Content starts
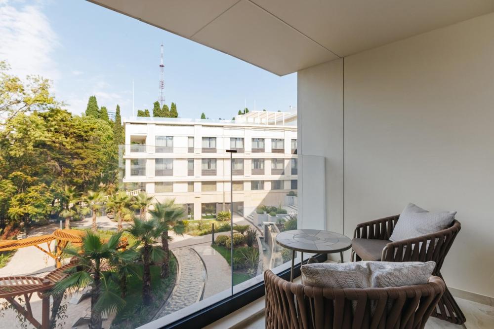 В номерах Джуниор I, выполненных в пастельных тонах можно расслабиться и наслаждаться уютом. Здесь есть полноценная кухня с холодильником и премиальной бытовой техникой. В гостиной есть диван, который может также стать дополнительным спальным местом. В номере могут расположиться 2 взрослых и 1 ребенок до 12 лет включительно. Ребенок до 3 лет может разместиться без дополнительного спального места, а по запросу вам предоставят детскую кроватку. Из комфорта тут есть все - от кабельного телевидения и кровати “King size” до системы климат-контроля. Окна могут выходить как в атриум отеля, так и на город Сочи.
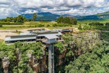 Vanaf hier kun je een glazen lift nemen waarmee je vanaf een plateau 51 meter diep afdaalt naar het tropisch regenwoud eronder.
Content ends
Content starts
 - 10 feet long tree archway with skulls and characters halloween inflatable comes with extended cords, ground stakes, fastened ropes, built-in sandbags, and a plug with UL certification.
Content ends
## Exercise brief
Transcribe only the lines above that start at the line containing "В номерах Джуниор" and end at the line containing "Vanaf hier kun". Omit pictures.

## Exercise answer
 В номерах Джуниор I, выполненных в пастельных тонах можно расслабиться и наслаждаться уютом. Здесь есть полноценная кухня с холодильником и премиальной бытовой техникой. В гостиной есть диван, который может также стать дополнительным спальным местом. В номере могут расположиться 2 взрослых и 1 ребенок до 12 лет включительно. Ребенок до 3 лет может разместиться без дополнительного спального места, а по запросу вам предоставят детскую кроватку. Из комфорта тут есть все - от кабельного телевидения и кровати “King size” до системы климат-контроля. Окна могут выходить как в атриум отеля, так и на город Сочи.
 Vanaf hier kun je een glazen lift nemen waarmee je vanaf een plateau 51 meter diep afdaalt naar het tropisch regenwoud eronder.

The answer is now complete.